Section 3.5 Certain Duties and Obligations of the Partners.
(a) The WWT Partner shall take all action which may be
necessary or appropriate for the development, maintenance, preservation and
operation of the business of the Partnership in accordance with the provisions
of this Agreement and applicable laws and regulations.
(b) The WWT Partner shall take all action which is necessary
to form or qualify the Partnership to conduct the business in which the
Partnership in engaged under the laws of any jurisdiction in which the
Partnership is doing business and to continue in effect such formation or
qualification.
(c) Each Partner shall be under a duty as described herein to
conduct the affairs of the Partnership in the best interests of the Partnership
and of the Partners. Neither any Partner nor any Affiliate of any Partner shall
enter into any transaction with the Partnership unless the transaction (i) is
expressly permitted hereunder or (ii) is approved by a Partner Consent upon
disclosure of any interest the Partner or Affiliate thereof may have in the
transaction.
Section 3.6 Restrictions on Authority of the Partners.
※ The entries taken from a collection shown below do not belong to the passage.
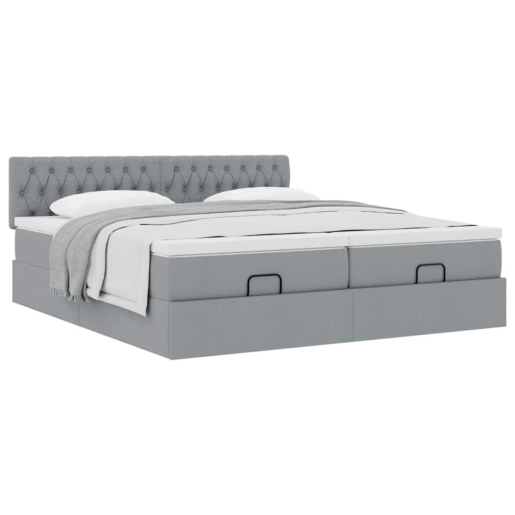 Ottoman-Bett mit Matratzen Hellgrau 200x200 cm Stoff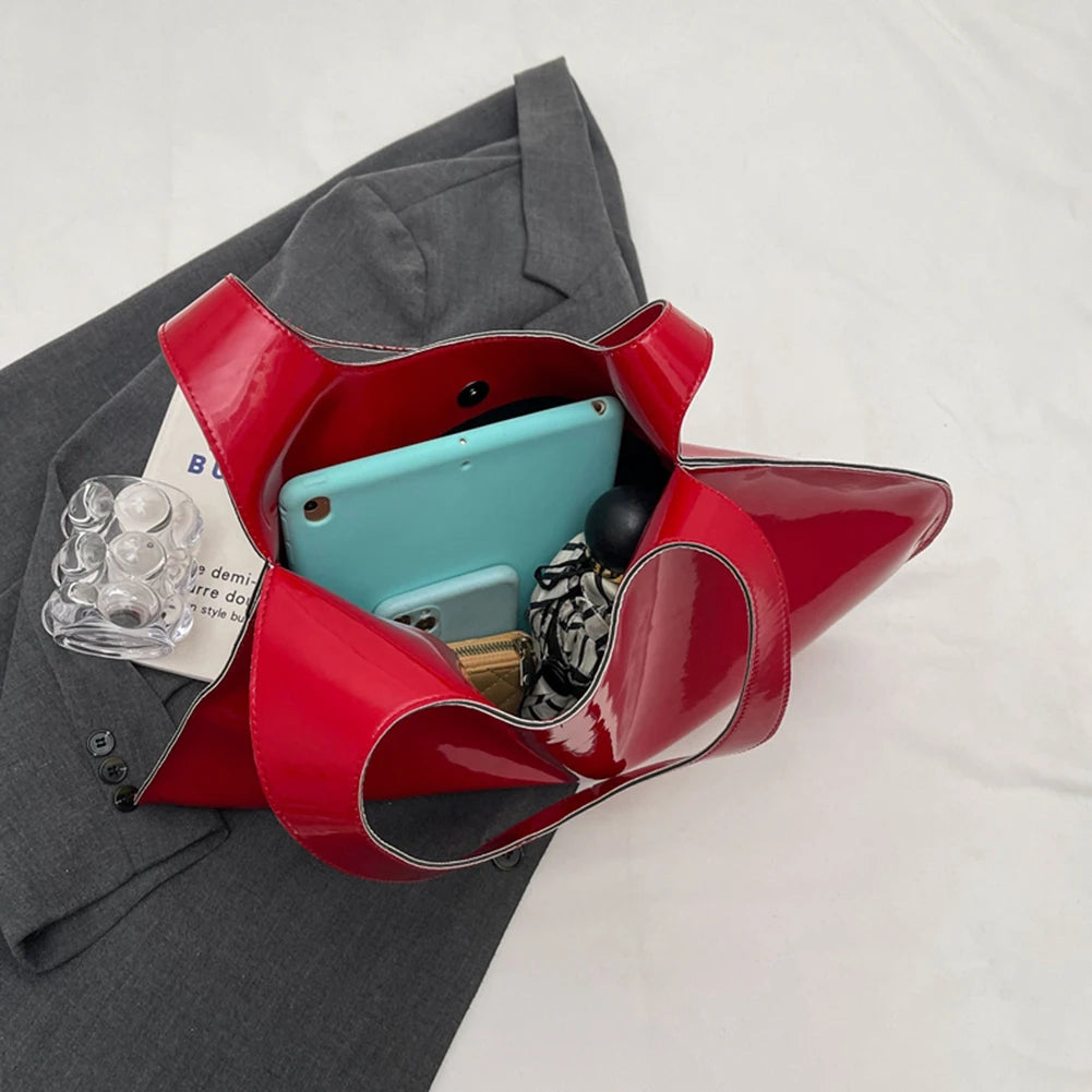Luxury Design Heart Ladies Handbag PU Leather Underarm Bag Solid Color Trendy Tote Bag Summer Top Hand Bag for Women and Girls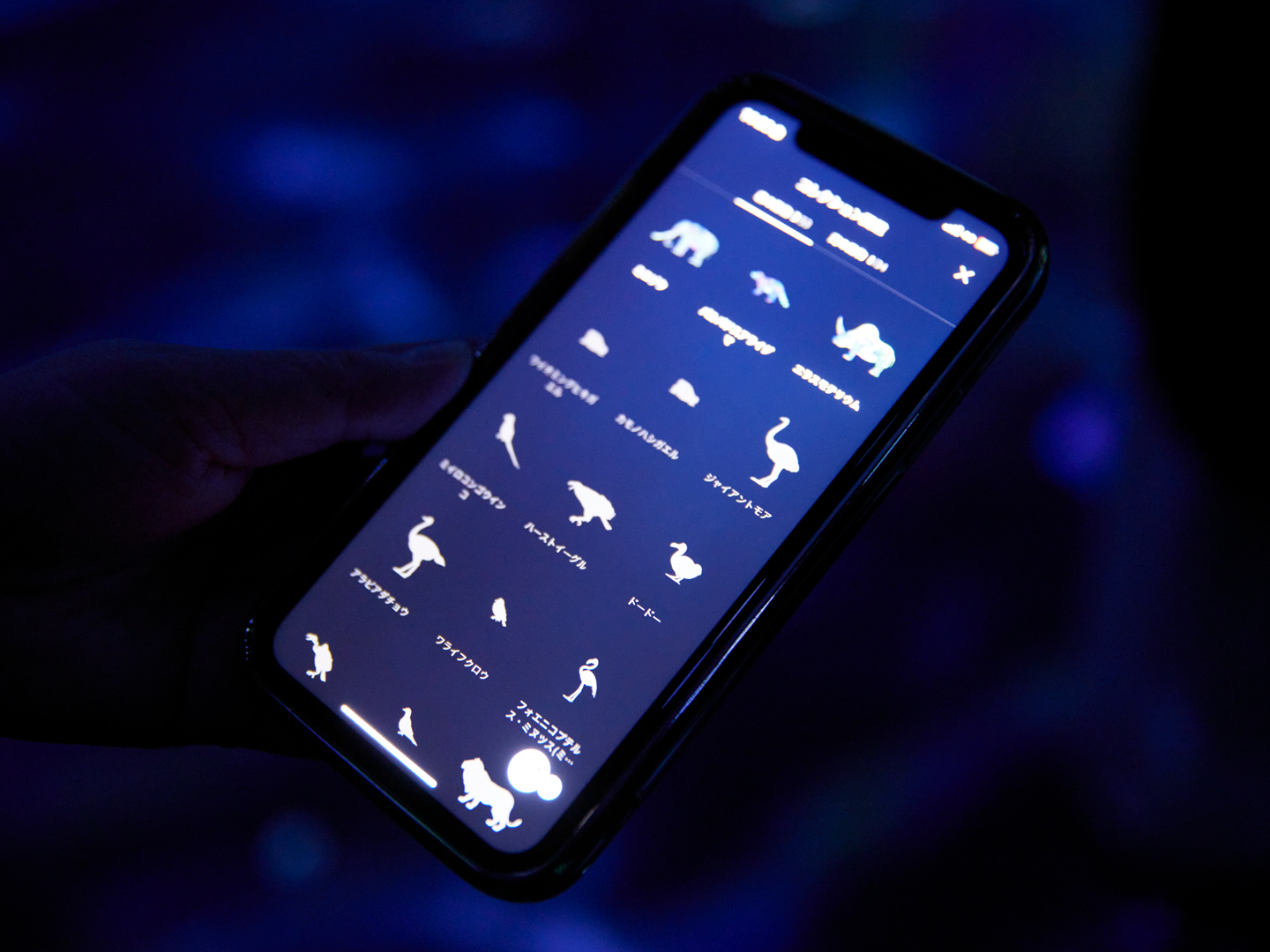 捕まえた絶滅動物はスマートフォンのアプリに入り「自分だけの図鑑」としてコレクション。選択をすると、動物の詳細情報を知ることができる。
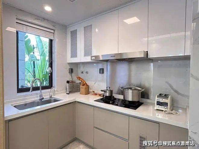 再往前走,左侧为L型厨房,预留了冰箱位,有采光窗,保证了厨房的换气和采光。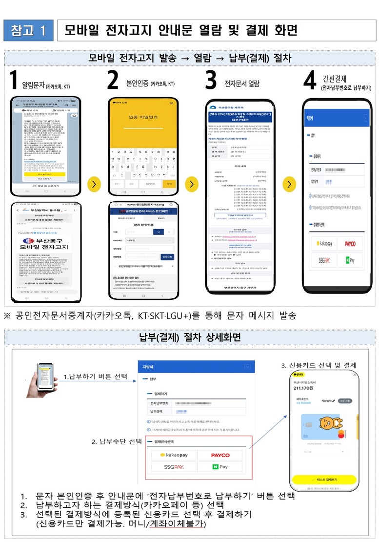 ◈ 시, 납세자 중심의 행정과 더욱 편리한 서비스를 제공하기 위해 앞으로도 지속적으로 노력할 예정 [부산 세계타임즈=이용우 기자] 부산시(시장 박형준)는 기존 우편(종이) 송달하고 있는 지방세 관련 각종 고지·안내문을 전자문서 형태로 공인전자문서중계자(카카오, KT, SKT, LGU+) 문자 메시지로 전송하는 '모바일 전자고지 서비스'를 2월부터 본격 시행한다고 밝혔다.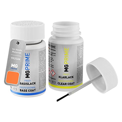 MG PRIME Vernice per moto Kit stilo di ritocco per Honda Motorrad YR254M Bombay Orange Mica Vernice di base vernice trasparente ognuno 50ml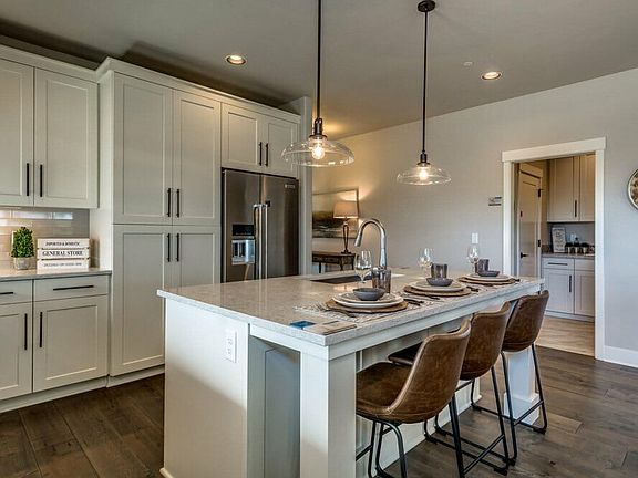 Open Great Room with Gas Fireplace Kitchen Island with Bar Seating and Dining Area Master Suite with Walk-In Closet and Double Vanity Sinks Covered Front Porch and Back Patio Laundry room access from garage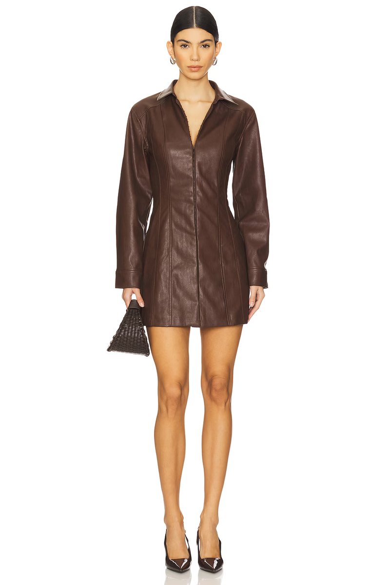 The Revolve Leather Long Sleeve Shirt Dress in Deep Coffee is ideal for casual, smart-casual.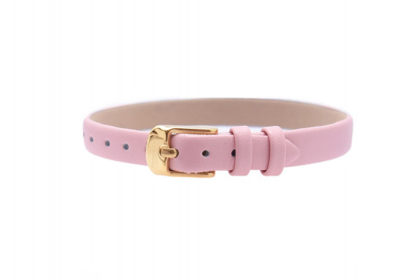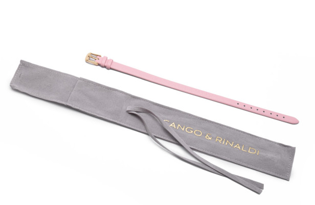 Cango&Rinaldi rózsaszín színű olasz bőr pánt a - Charm Kollekcióból - mely arany színű fémkellékkel készült. Ez a karkötő egyedi és személyes stílust kölcsönöz viselőjének. A karkötő lehetővé teszi, hogy a viselő a charmokkal egyedi emlékeket és történeteket osszon meg.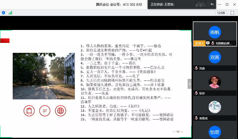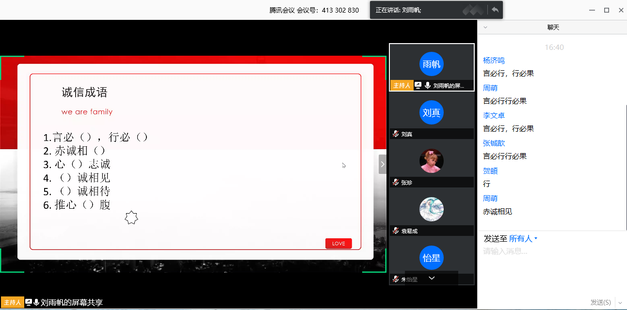“失信于人者,一旦遭难只有坐以待毙。”活动伊始,王思言以三个诚信小故事切入本次主题。她表示,“诚信是中华民族的优良传统,是做人和做事的道德核心。倘若一个人失去了诚信,那他也就失去了一切。”接着,王思言带领全体同学回顾了有关诚信的格言。通过这些积淀了历史风韵的词句,同学们进一步认识到了诚信的重要性,理解了古人对守信的推崇和对失信的鄙弃。随后,刘雨帆以“成语填空”的小游戏寓教于乐,进一步激发了同学们对诚信的深层理解。在该环节中,全体同学积极主动参与评论区的互动,认真学习了诚信成语的正确写法和释义。之后,同学们互相交流了自己身边的诚信故事。李嘉琪讲述了身边的员工在疫情期间坚持学习努力、同时帮助工厂复工以挣得工资按时偿还助学贷款的诚信故事,体现了当代老员工诚信做人、自立自强的品格。宋澳华则讲述了自己童年时期遇到的反面案例,通过反面教材强调了诚信做人的重要性。通过对身边人、眼前事的叙述,全体同学有了更深刻思考。

No Partner shall
have the authority to:
(a) do any act in contravention of this Agreement;
(b) do any act which would make it impossible to carry on the
ordinary business of the Partnership, except in connection with the dissolution,
winding up and termination of the Partnership as permitted by Article VII;
(c) possess Partnership property, or assign its rights in
specific Partnership property, for other than a Partnership purpose;
(d) admit a person as a Partner except as provided in this
Agreement;
(e) commingle any funds or investments of the Partnership with
those of any other person, or employ or permit any person to employ funds or
assets of the Partnership in any manner except for the exclusive benefit of the
Partnership; or
(f) perform any act in violation of the express terms of a
prior unrevoked Partner Consent.
Section 3.7 Title to Partnership Assets. Title to all assets and
properties of the Partnership, whether real, personal or mixed, or tangible or
intangible, shall be deemed to be owned by the Partnership as an entity, and no
Partner, individually or collectively, shall have any ownership interest in any
such assets or properties or any portion thereof. Title to all of the assets and
proportion of the Partnership shall be hold in the name of the Partnership.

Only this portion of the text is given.